The green-pajamaed Southern-fried potentate was flat on the bed, stomach down, going over his notes in pencil when he suddenly called me over. I went.

“You like golf?” he asked.

“I don’t know if I like it, exactly. I’ve learned to put up with it-I do a lot of work for bankers and insurance people, you know.”

“Well, you won’t have to play, son. Jest caddy.”

“Caddy?”

“I always use my bodyguards as caddies,” the Kingfish said, glancing up from his notes with a sly smile. “I don’t want nobody makin’ a hole-in-one in me.”

Speaking of Caddies, a few minutes later I was sent down to wait for Murphy Roden, the Long bodyguard who’d been dispatched to trade in the Kingfish’s last-year’s-model Cadillac for a new number. I stood outside, near the Roosevelt entry that straddled the corner of Canal and Baronne. A New Orleans P.D. sawhorse reserved a parking place, and when the shiny-new, midnight blue buggy rolled in, I cleared the way.

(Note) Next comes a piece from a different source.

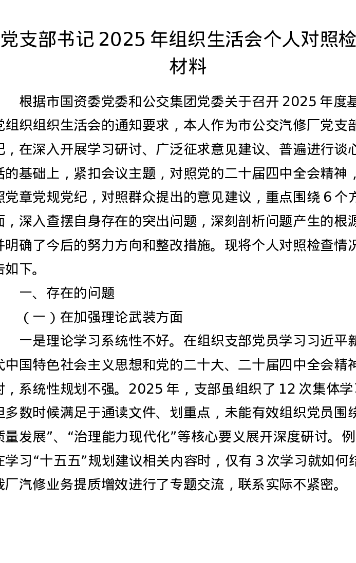 党支部书记2025年组织xxx个人对照检查材料

The long, rakish Caddy purred like a thousand kittens; behind the wheel, Roden’s blond, brown-eyed, roughly handsome countenance lighted up with a grin, upon seeing me.

We had hit it off, back in Chicago in ’32, which is something I couldn’t really say about any of Huey’s other Cossacks. Murphy was a small-town boy who’d wanted to be a flyer, but washed out and joined the Louisiana State Police, where he set countless sharp-shooting records-I heard one of the other bodyguards say that Murphy could empty a.38 into a four-inch target at fifty feet.

He got assigned to the Kingfish as a driver for one upstate visit, and Huey took such a shine to him, Murphy became his personal chauffeur, and easily his most trusted bodyguard.

“Nate Heller!” he said, climbing out of the Caddy, dropping its silvery keys into a pocket of his tan suit. “I heard you joined the circus!”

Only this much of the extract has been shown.